Teaching suits her best. Since 1996, Verdy has been on the faculty of ballet studies at Indiana University, Bloomington, the only program of its size and importance at an American college. (Many students graduate with a combined degree in ballet and a field of academic study.) She still travels to coach dancers and to teach elsewhere in the United States and in Europe. Last winter, I watched her gently put a class of 16- to 18-year-olds through its paces at the School of American Ballet, the training program associated with New York City Ballet. Verdy has a knack for finding just the right words with which to cajole a young dancer toward a fuller understanding—and thus execution—of a step. (“It’s like a horse who’s having a very good time!” she said to one girl as she launched into a series of small, sprightly jumps.) “Her body fell into that way of moving, but she can articulate it in a very methodical way,” explains Kay Mazzo, the cochair of SAB. “It’s all very well-thought-out, with the energy and the musicality combined.” Verdy’s smiling voice encourages improvement for its own sake; it also reflects an undimmed love for the art of ballet. “She’s very playful,” says Mazzo, “and the students adore her.” Like the Advaita Vedanta school of Hinduism she has quietly practiced since the ’60s, ballet, for Verdy, is a spiritual pursuit: “I feel the obligation to make people consider that this is not just a physical activity, a physical technique, but that it points to something higher,” she told me. This belief bound her to Balanchine, in whom she intuited a similar idealism. “If you’re going to have a guru in the world,” she added, “Mr. B was it.”

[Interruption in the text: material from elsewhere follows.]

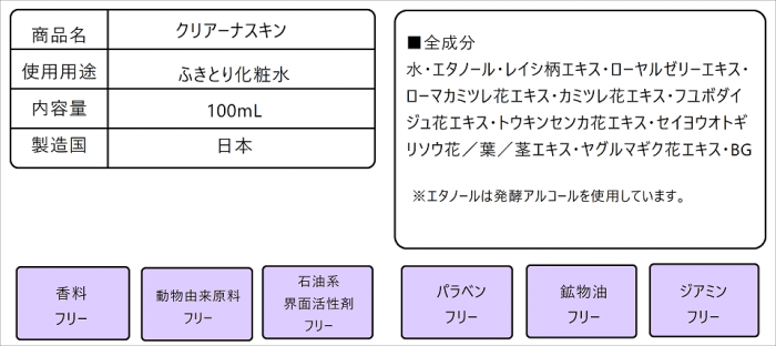 全成分/水・エタノール・レイシ柄エキス・ローヤルゼリーエキス・ローマカミツレ花エキス・カミツレ花エキス・フユボダイジュ花エキス・トウキンセンカ花エキス・セイヨウオトギリソウ花/葉/茎エキス・ヤグルマギク花エキス・BG

Soon, Verdy thinks, she might like to teach less and devote more time to gathering materials for her memoirs. She’s not sure whether she will stay in Bloomington—she doesn’t drive—or return to her hometown of Pont-l’Abbé. Where does she belong? Verdy was married briefly, in the ’60s, to Colin Clark, a British filmmaker (and the author of My Week With Marilyn). It didn’t end well. She has no children. Ballet has been an all-consuming pursuit, leaving little space for family or anything else. “The family I have in Paris is not that much,” she reflected recently. “In Brittany, I have more, but they have complicated lives. So, in a way, I’m more or less by myself. I’m a bit of an odd number now.”